I think at this point you’ve pushed the word “know” to a point where it’s not very well-defined; I’d encourage you to try to restate the original post while tabooing that word.
This seems particularly valuable because there are some versions of “know” for which the goal of knowing everything a complex model knows seems wildly unmanageable (for example, trying to convert a human athlete’s ingrained instincts into a set of propositions). So before people start trying to do what you suggested, it’d be good to explain why it’s actually a realistic target.
Or maybe it means we train the professional in the principles and heuristics that the bot knows. The question is if we can compress the bot’s knowledge into, say, a 1-year training program for professionals.
There are reasons to be optimistic: We can discard information that isn’t knowledge (lossy compression). And we can teach the professional in human concepts (lossless compression).
What does that mean though? If you give the go professional a massive transcript of the bot knowledge, it’s probably unusable. I think what the go professional gives you is the knowledge of where to look/what to ask for/what to search.
That’s basically what Paul’s universality (my distillation post for another angle) is aiming for: having a question-answering overseer which can tell you everything you want to know about what the system knows and what it will do. You still probably need to be able to ask a relevant question, which I think is what you’re pointing at.
For real humans, I think this is a more gradual process—they learn and use some distinctions, and forget others, until their mental models are quite different a few years down the line.
The splintering can happen when a single feature splinters; it doesn’t have to be dramatic.
Perhaps the bot knows different things at different times and your job is to figure out (a) what it always knows and (b) a way to quickly find out everything it knows at a certain point in time.
But once you let it do more computation, then it doesn’t have to know anything at all, right? Like, maybe the best go bot is, “Train an AlphaZero-like algorithm for a million years, and then use it to play.”
I know more about go than that bot starts out knowing, but less than it will know after it does computation.
I wonder if, when you use the word “know”, you mean some kind of distilled, compressed, easily explained knowledge?
Maybe it nearly suffices to get a go professional to know everything about go that the bot does? I bet they could.
[D]oes understanding the go bot in your sense imply that you could play an even game against it?
I imagine so. One complication is that it can do more computation than you.
Sure. But the question is can you know everything it knows and not be as good as it? That is, does understanding the go bot in your sense imply that you could play an even game against it?
Good point!
I think there’s some communication failure where people are very skeptical of this for reasons that they think are obvious given what they’re saying, but which are not obvious to me. Can people tell me which subset of the below claims they agree with, if any? Also if you come up with slight variants that you agree with that would be appreciated.
It is approximately impossible to succeed at this challenge.
It is possible to be confident that advanced AGI systems will not pose an existential threat without being able to succeed at this challenge.

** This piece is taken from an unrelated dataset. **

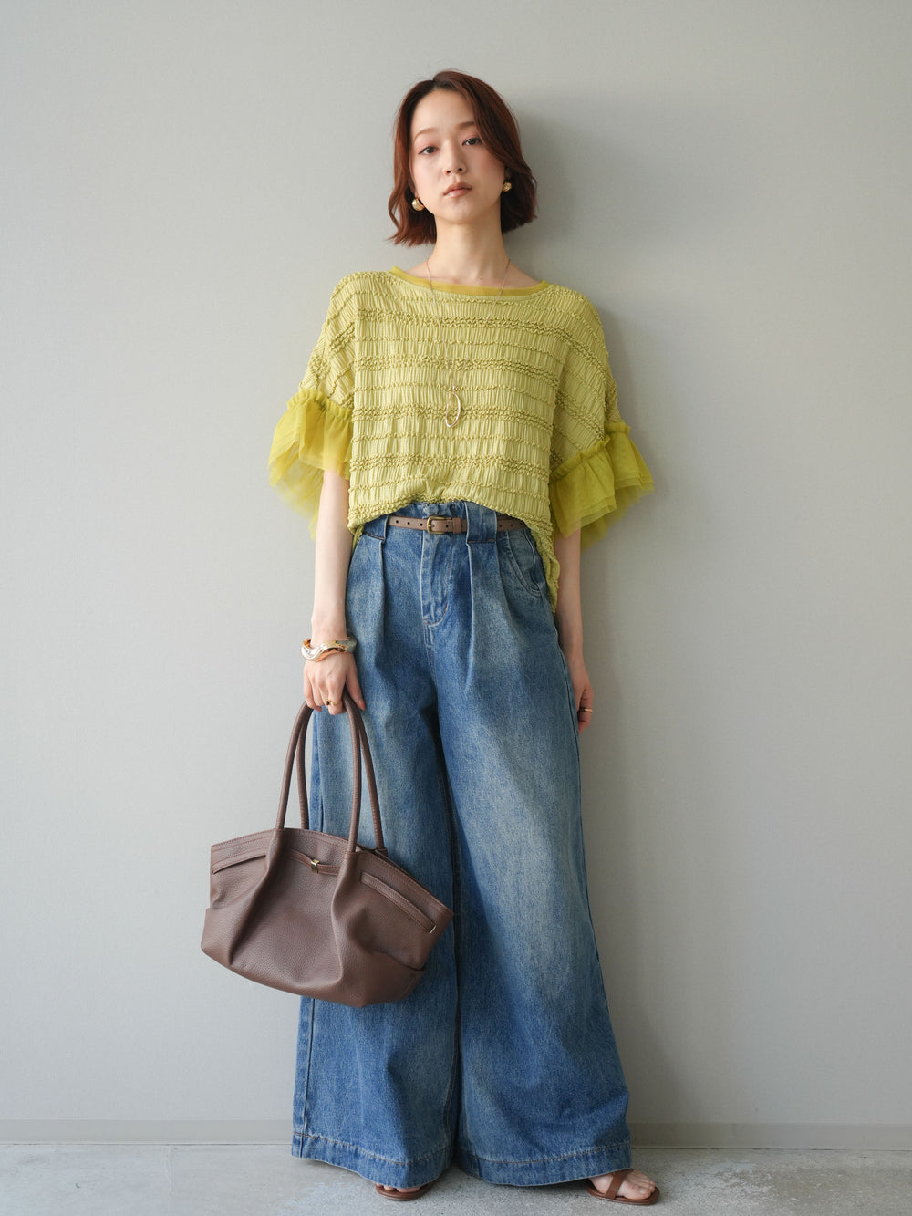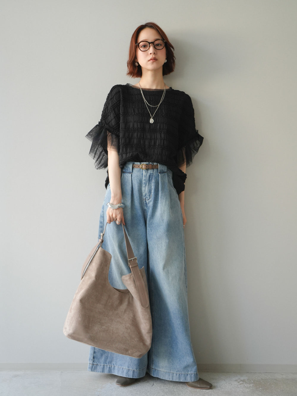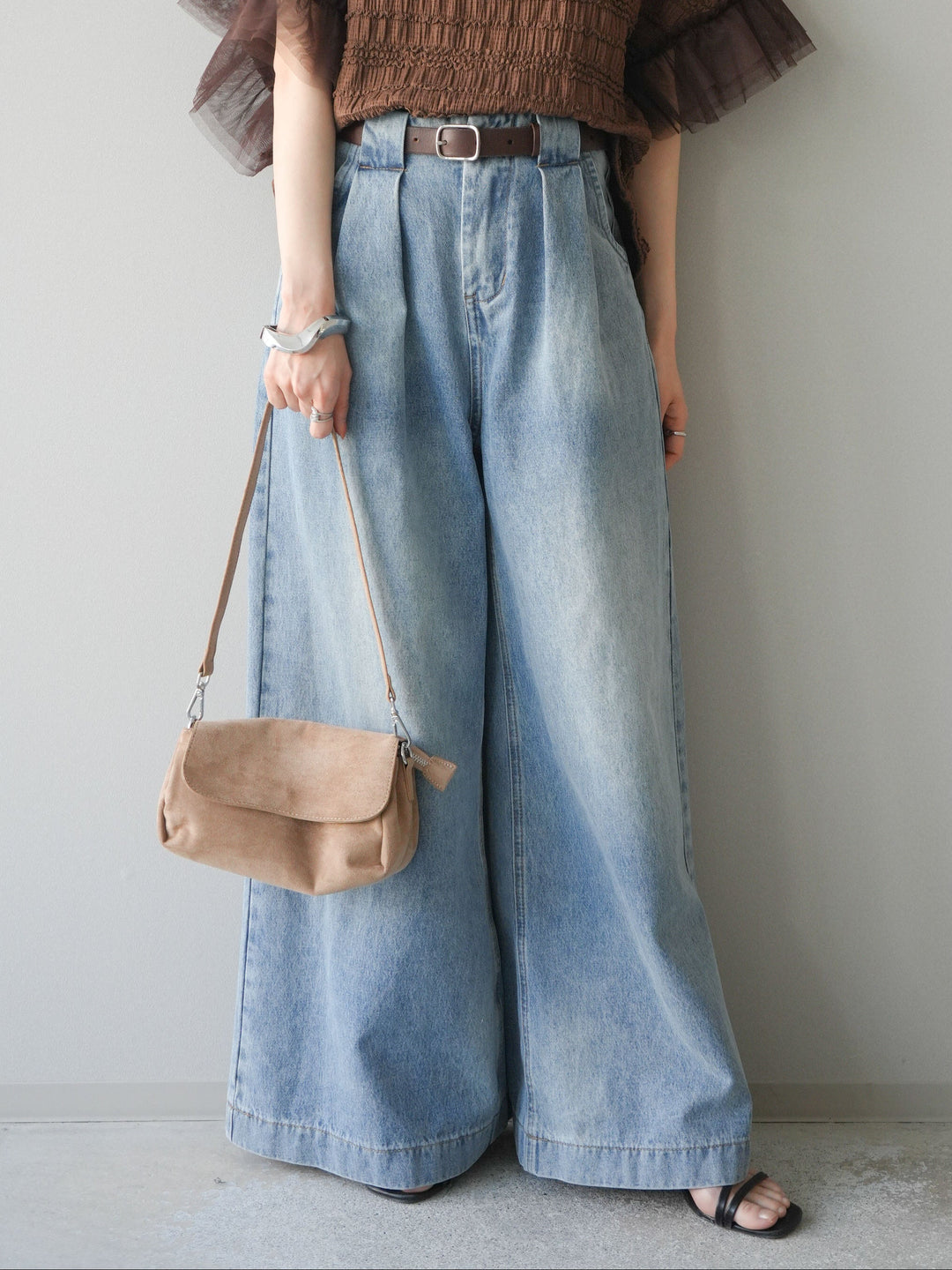 [予約]ウエストベルトビジューワイドデニムパンツ/lightblue

It is not obvious what it means to succeed at this challenge.
It will probably not be obvious what it means to succeed at this challenge at any point in the next 10 years, even if a bunch of people try to work on it.
We do not currently know what it means for a go bot to know something in operational terms.
At no point in the next 10 years could one be confident that one knew everything a go bot knew, because we won’t be confident about what it means for a go bot to know something.
You couldn’t know everything a go bot knows without essentially being that go bot.